Safe injection of a fluid, like carbon dioxide (CO₂), into geological formations is an essential part of CO₂ storage and enhanced oil recovery (EOR) projects. Injection causes pressure changes inside the reservoir, thus changing effective and total stresses inside and outside of the reservoir. These changes can bring the reservoir and/or its surroundings to failure conditions. The existence of faults and weak zones increases the likelihood of failure in rock masses depending on the amount of the injection-induced changes and the formation properties. This paper discusses the stress changes in different reservoir and injection conditions. To do so, an in-house numerical code (MDEM) was used. Analysis indicates that the pressure buildup can significantly change the total and effective stresses. Also, the presence of a fault can influence the stress changes at the fault vicinity, both in the cap rock and the upper portion of the reservoir depending on the fault properties and the in situ stress regime. Simulation results show that the upper portion of the reservoir and the cap rock experience a greater decrease in the mean effective stresses and a greater increase in the deviatoric stress in the footwall of the fault in reverse faulting stress regime. This means that the presence of faults can bring some parts of the reservoir and the cap rock to a more unstable condition. But this does not necessary mean that the fault is unstable itself. Analysis indicates that due to injection, i.e., unloading of the reservoir, faults can deform elastically and the pore pressure difference between the reservoir and the cap rock and/or underlying layer leads to different stress changes compared to the reservoir center.

Introduction

Fluid injection operations related to geo-energies are becoming more frequent. Geo-energies aim at significantly reducing carbon dioxide (CO₂) emissions to the atmosphere to mitigate climate change. In particular, carbon capture and storage (CCS) has been proposed as one of the most feasible options in the short-term to reduce CO₂ emissions (IEA, 2010). Nevertheless, the cost of CCS may hinder the deployment of CCS projects. Thus, giving an additional value to CO₂ injection through its utilization to obtain an economic benefit will motivate CO₂ storage in the subsurface. An option of carbon capture, utilization and storage (CCUS) is enhanced oil recovery using CO₂ (CO₂-EOR), as it has been done at Weyburn, Canada, since 2000 (Verdon et al., 2011).

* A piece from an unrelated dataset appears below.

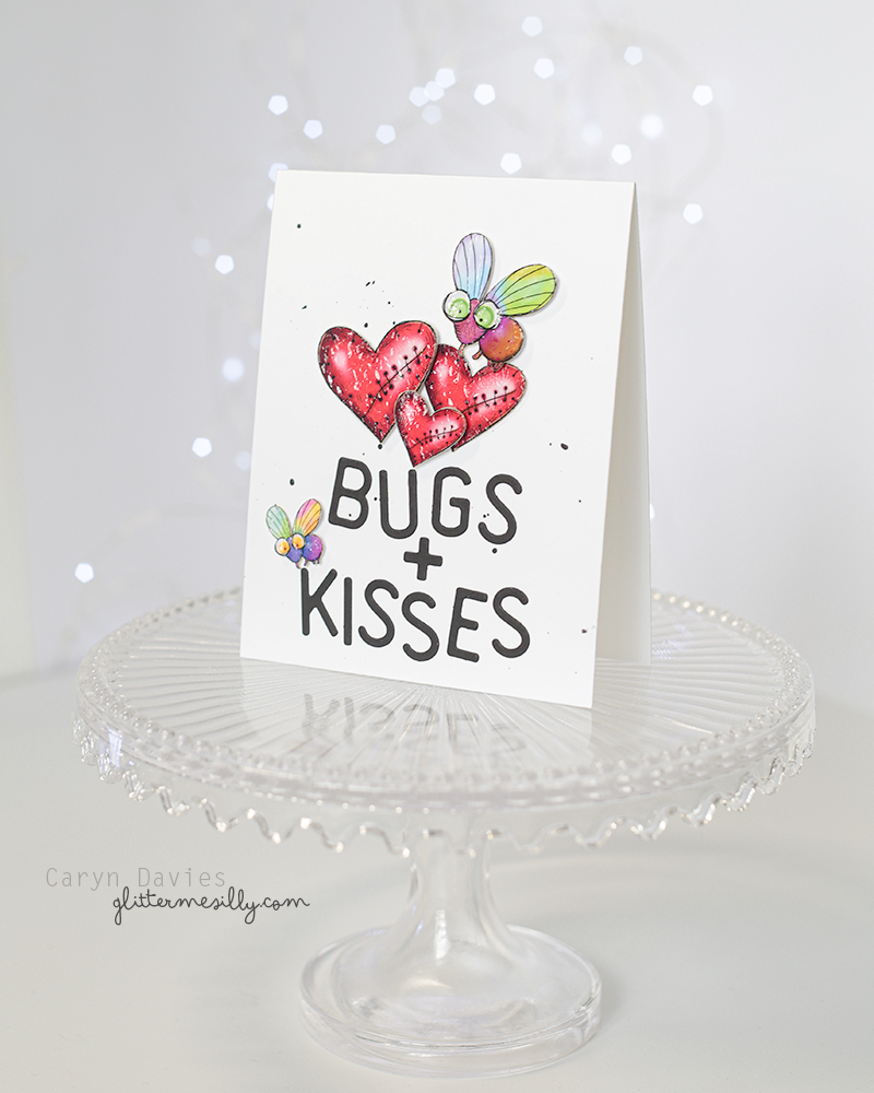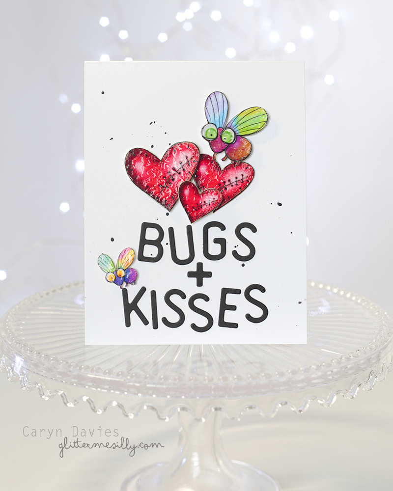 I die cut some letters using the Tim Holtz Letterboard die set to spell out Bugs & Kisses and added a few splatters to the backgound of my base card before adhering the embellishments.

Most of the research involving geomechanics related to geologic carbon storage considers extensive aquifers without including faults (e.g., Gor et al., 2013; Vilarrasa, 2014; Goodarzi et al., 2015). However, the pressure perturbation cone will extend over large distances (up to hundreds of km) for the duration of CO₂ injection, which is planned to last over several decades (Birkholzer et al., 2009; Vilarrasa and Carrera, 2015). Thus, faults present in the far-field will be affected by injection. Additionally, the available storage formations will not always be extensive and injection may have to be done in reservoirs limited by faults (Castelletto et al., 2013), like at Snøhvit, Norway (Hansen et al., 2013). Furthermore, mature oil reservoirs for CO₂-EOR are usually compartimentalized, so the assumption of extensive formation may not be applicable.